How to Improve Rails Performance with Subquery Caching

Slow database queries are a common performance bottleneck for Ruby on Rails apps. Simplifying a complex query is often not possible due to the underlying business logic. Instead, you can extract parts of a query, cache and reuse them to improve performance. In this tutorial, I’ll describe a range of techniques on how to do it.

We will cover more advanced ActiveRecord and PostgreSQL topics like EXPLAIN ANALYZE, and query plan visualizer tool.

Let’s get started!

When subquery caching makes sense for slow ActiveRecord queries?

Subquery caching is a bit more convoluted solution for optimizing slow queries. Before you decide to implement it you should double-check if more straightforward fixes could help instead:

add missing database indexes and to avoid inefficient Seq Scan on large collections
make sure that the database server is adequately scaled and has a decent cache hit rate. You can use my RailsPGExtras gem to validate that
check if PostgreSQL configuration is correct for the type of the database server that you’re using. PGTune is your friend here
validate that your queries are not locking for too long, e.g., because of too wide ActiveRecord transaction scope

You can read out my other blogpost for an overview of tips for optimizing slow Rails queries.

If none of the above approaches helps, let’s discuss how you can split slow queries into the reusable parts.

Sample database structure

How to determine which part of a query to cache?

Unfortunately, there’s no simple answer to this question. It’s totally dependent on your application’s logic.

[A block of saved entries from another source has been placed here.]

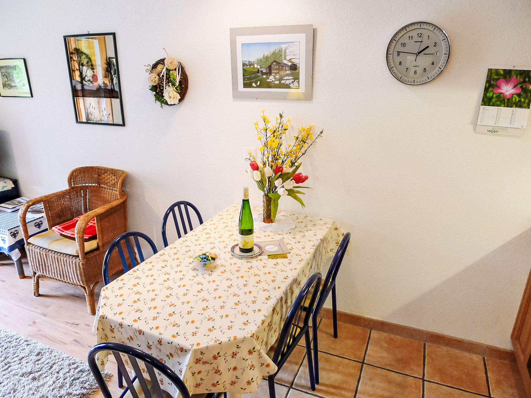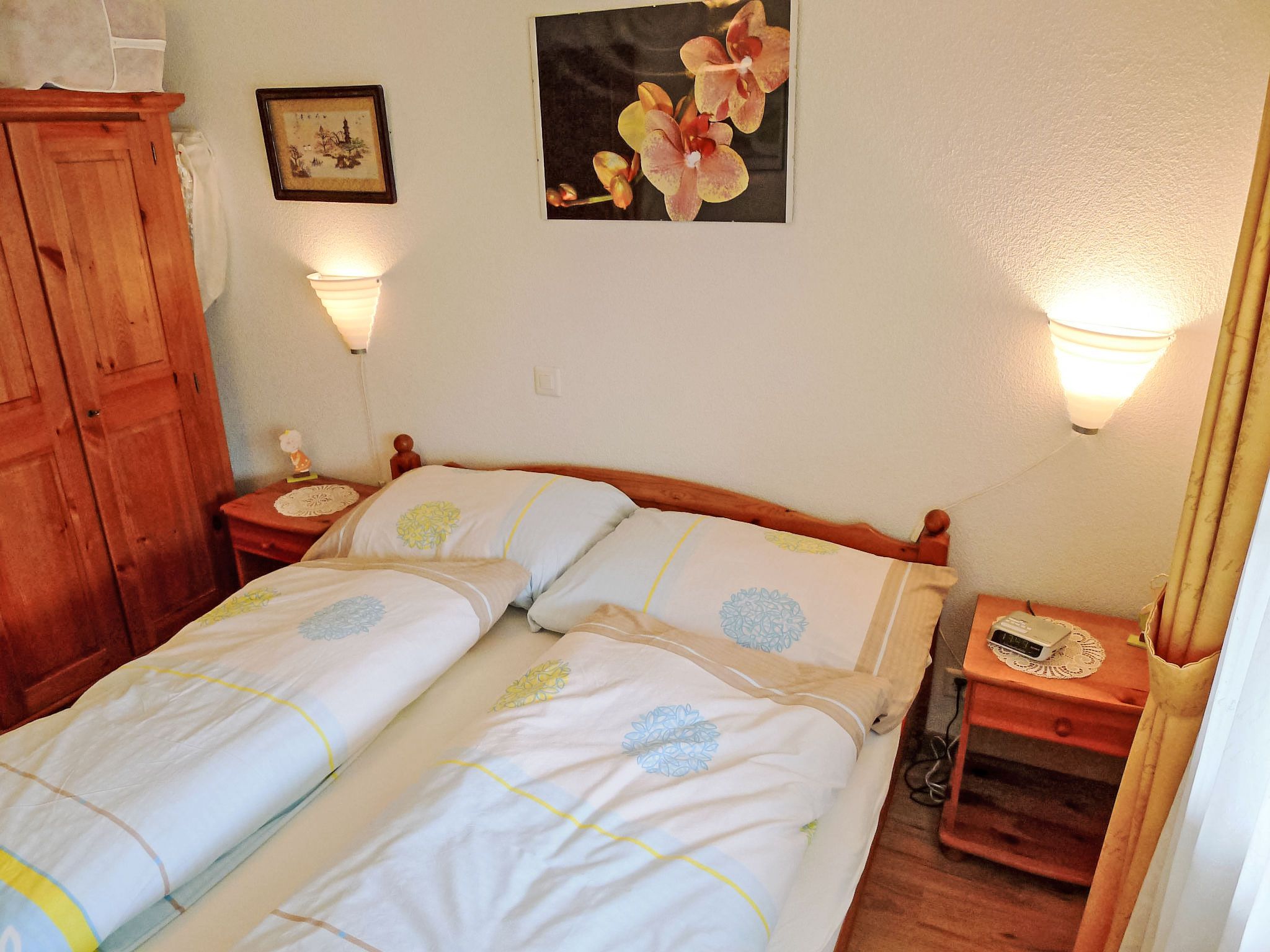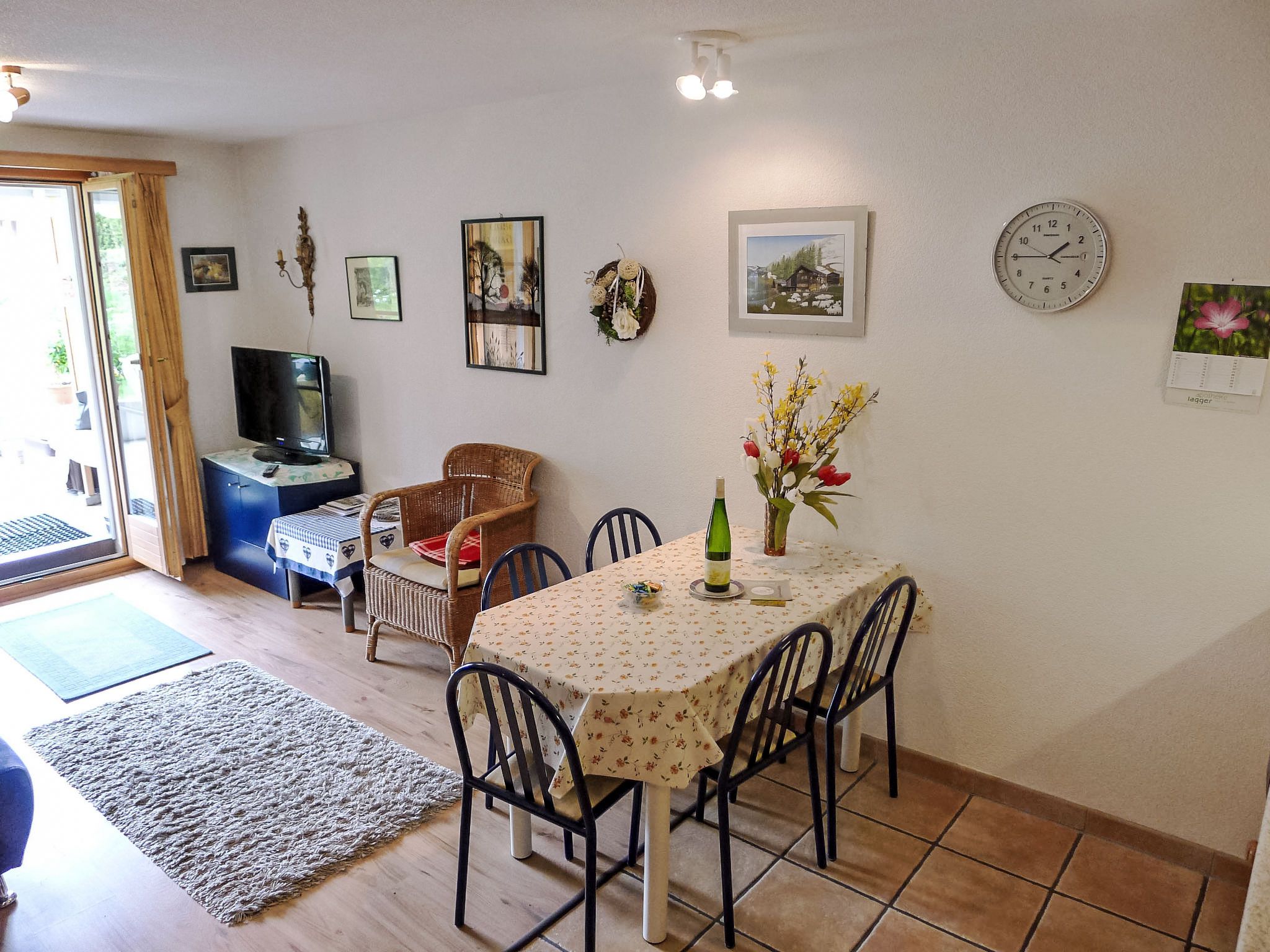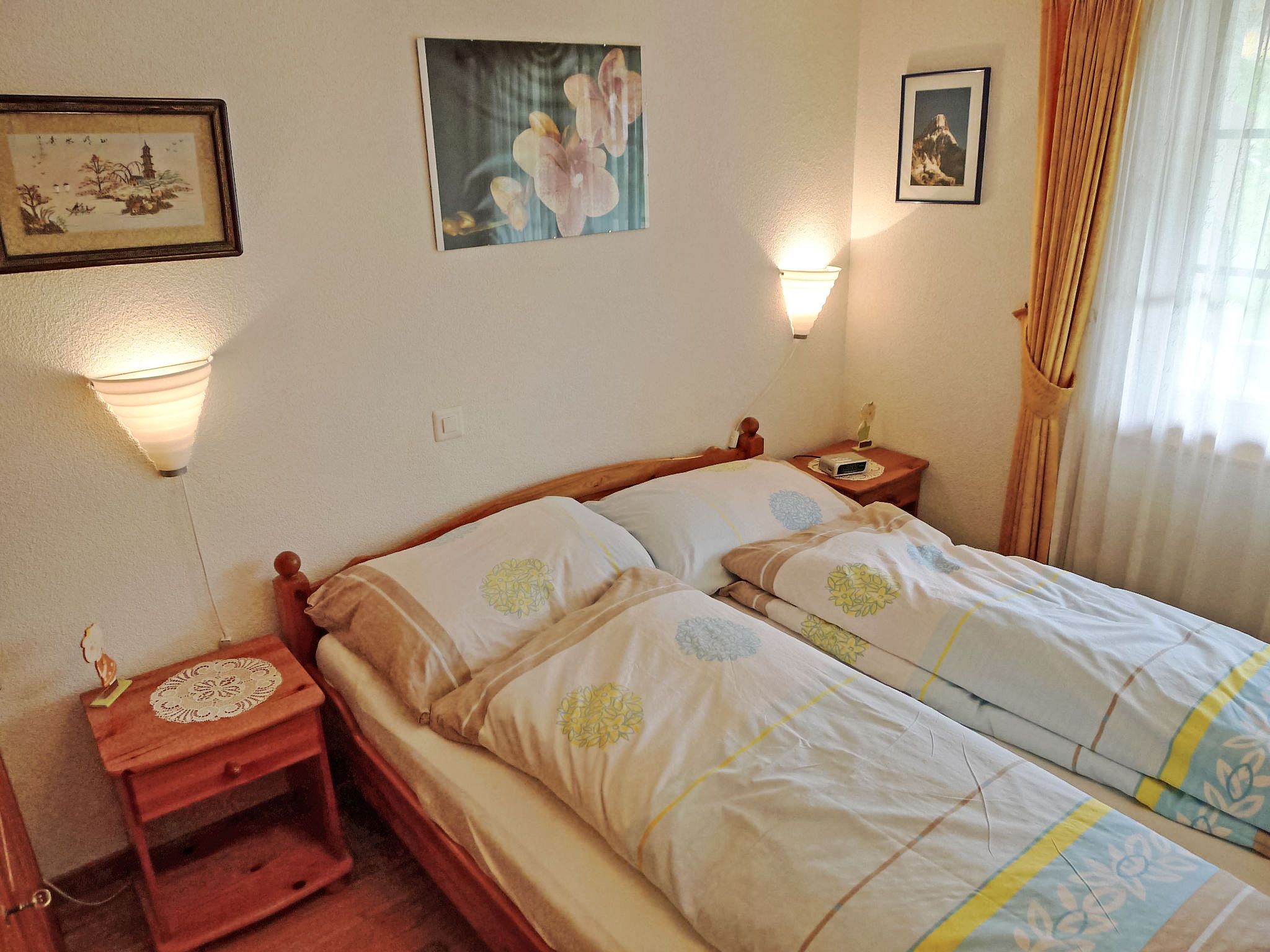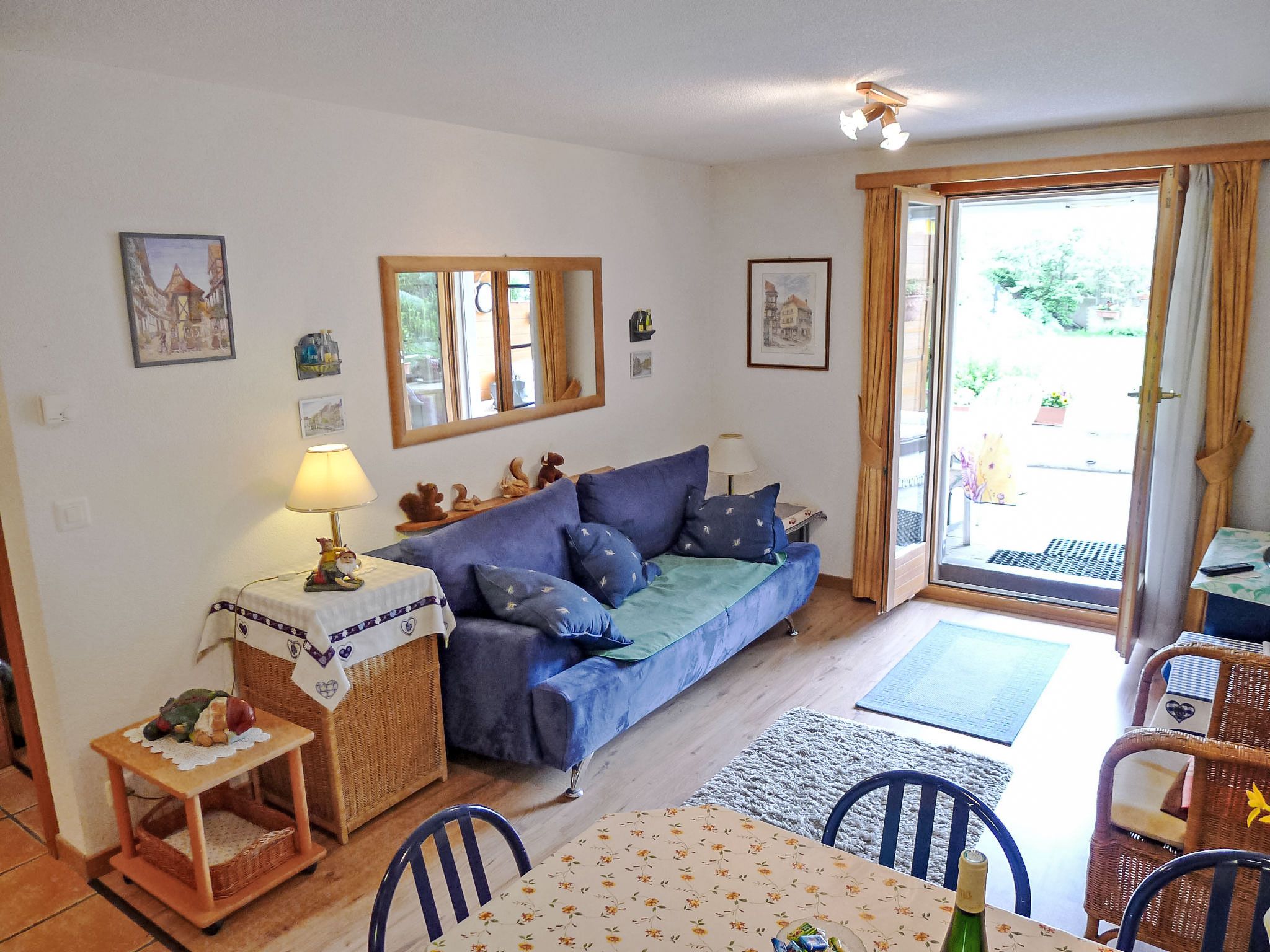 2-Zimmer-Wohnung 38 m2, im Erdgeschoss. Schön und gemütlich eingerichtet: Wohn-/Schlafzimmer mit 1 Doppeldiwanbett, Esstisch und Sat-TV (Flachbildschirm). Ausgang zur Terrasse, Richtung Süden. 1 Zimmer mit 1 Doppelbett. Offene Küche (4 Kochplatten, Backofen, elektrische Kaffeemaschine). Dusche/WC. Grosse Terrasse. Terrassenmöbel, Liegestühle (2). Schöne Sicht auf die Berge. Zur Verfügung: Babybett, Haartrockner. Internet (Wireless LAN, gratis). Parkplatz (extra). Bitte beachten: Nichtraucher-Unterkunft.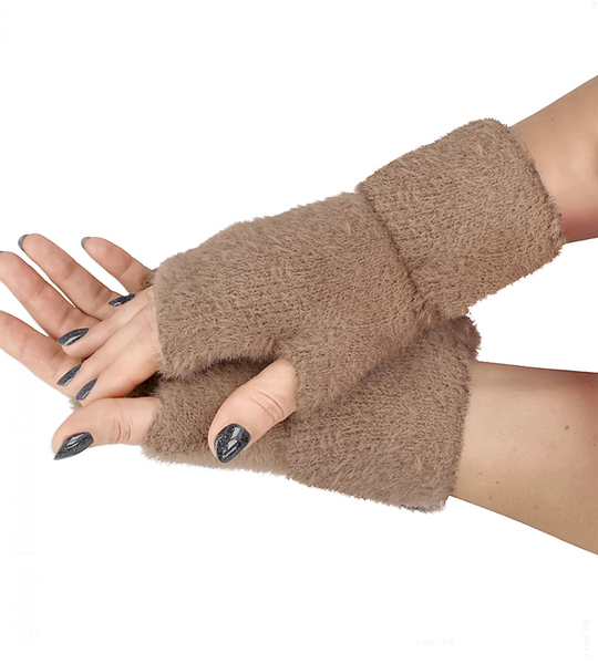 Rękawiczki - mitenki bez palców, damskie, Paraiso 54, kakaowe, M/L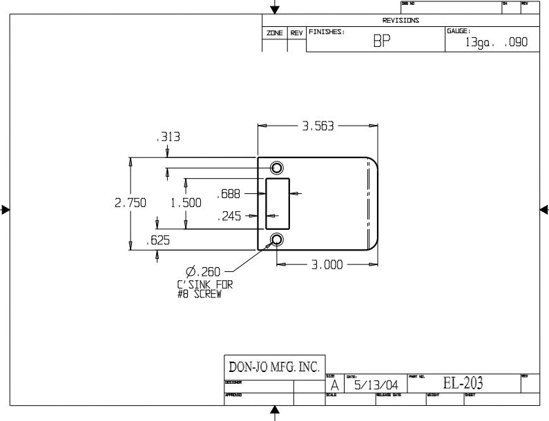 DON-JO EL 203 Extended Lip Strike, 2 3/4" x 3", Ferrous Material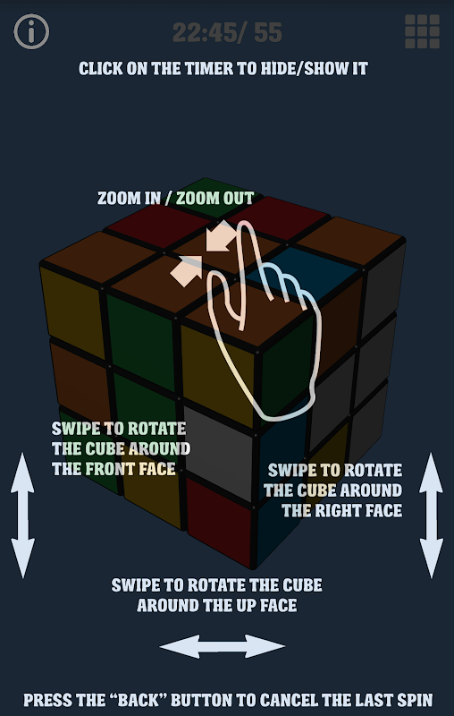 - ขนาดลูกบาศก์ที่มีให้เลือก - 4x4x4, 5x5x5, 6x6x6, 7x7x7;

For this tutorial, we will assume the following database structure to explore some common scenarios:

Sample PostgreSQL database structure

Image generated with dbdiagram.io

app/models/user.rb

class User < ApplicationRecord
  has_many :group_assignments, dependent: :destroy
  has_many :groups, through: :group_assignments
  has_many :posts
end

app/models/group.rb

class Group < ApplicationRecord
  has_many :group_assignments, dependent: :destroy
  has_many :users, through: :group_assignments
  has_many :posts
end

app/models/post.rb

class Post < ApplicationRecord
  belongs_to :user
  belongs_to :group

  def to_json
    {
      id: id,
      text: text,
      user_email: user.email,
      group_name: group.name
    }
  end
end

app/models/group_assignment.rb

class GroupAssignment < ApplicationRecord
  self.table_name = "group_assignments"

  belongs_to :user
  belongs_to :group
end

User can belong to many Groups with a different role via the GroupAssignment join model. Posts are published in a Group by a User.

Let’s now explore potential slow queries that could originate in a system with similar schema.

Analyzing slow queries

We will focus on optimizing a single controller. It returns not approved posts that were published in groups that a current user is an admin in. It also validates if a user is an admin in at least one group.

A similar complexity level requiring data from four and more tables to execute a single query is common in non-trivial Rails apps.

We’re using eager_load because relation tables are used for both filter query and post’s JSON structure. It ensures that a single query will be executed to fetch and instantiate all the records eliminating N+1 issue.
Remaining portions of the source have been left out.